You would think an "age-based" account would spare you such anxiety. Designed to jump-start your college kitty in the early years and preserve it later on, the portfolios have you invest largely or entirely in stocks when your child is young and, theoretically, move to risk-averse investments, such as money-market funds and certificates of deposit, as your student approaches college age.

KIP TIP

Chart Your Own Course

Want to steer your college fund through the high seas yourself? With a coverdell Education Savings Account, you can manage your own investments. You set up the account at a sponsoring institution, such as a bank or mutual fund. As with 529 plans, the money grows tax-free, but with the Coverdell, you can withdraw money tax-free for elementary and secondary-school expenses as well as college costs.
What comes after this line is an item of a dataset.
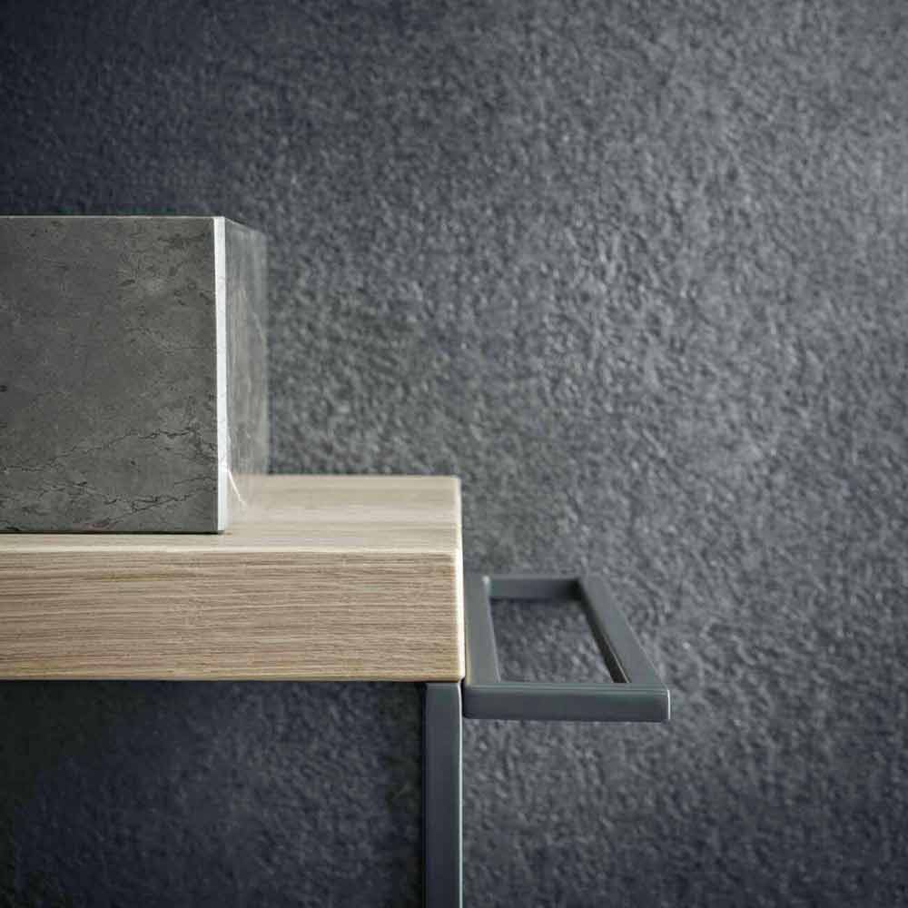 Die Komposition besteht aus natürlicher geknoteter Eiche , Waschbecken aus grauem Stein , Metallstrukturen aus mattem dunkelgrauem Lack. Schrankwand in mattem dunkelgrauem Lack.

To get in on this deal, your adjusted gross income must be $110,000 or less ($220,000 or less for married couples filing jointly). You can contribute up to $2,000 a year. You won't get a state tax deduction for the contribution, but you can roll the amount over to a 529 plan later without tax or penalty and grab the deduction then, getting the best of both worlds. The switchover works only in one direction. If you move the 529 account into a Coverdell, you pay tax and a penalty. Be aware that the Coverdell will revert to less-generous terms in January 2011 unless Congress extends the current provisions.

In fact, age-based portfolios now come in enough shades to fill a crayon box. Some grow ultra-conservative as students finish high school, and others allocate 30% or more of their assets to stocks even for students already in college. "States that have those larger allocations to equities were probably responding to investors who wanted to take advantage of stock-market gains even with an older child," says Douglas Chittenden, of TIAA-CREF, which manages eight state savings programs and a comparable program for private schools. "Last year clearly demonstrated the dangers of that approach."

You can't manage your investments in a 529, but you can pick the portfolio that best suits your goals. Normally, you can change the portfolio once in a calendar year. This year, Uncle Sam took pity on families who were having third thoughts and loosened the rule to allow two portfolio changes in 2009. You always have the option of changing plans once every 12 months by rolling the money into another state's 529 account, and you can switch beneficiaries -- say, from one sibling to another.

If your 529 savings crashed at the critical moment, one obvious strategy is to rid your portfolio of stocks and other ailing investments and substitute guaranteed-principal alternatives, such as CDs. Painful as it may be to lock in your losses, "if you feel sick about what you've lost so far, you'll feel a lot sicker if you lose another 15% to 20%, " says Deborah Fox, a college financial planner based in San Diego.

Most 529 plans offer at least one principal-preserving option, and states including Arizona, Utah and Wisconsin have recently added more. Investors are flocking to them, says Chittenden: "Typically, in October we have several hundred people who rebalance into our guaranteed option. In October of last year, we had several thousand people do so. Many of them were people with older beneficiaries. It was the logical thing to do."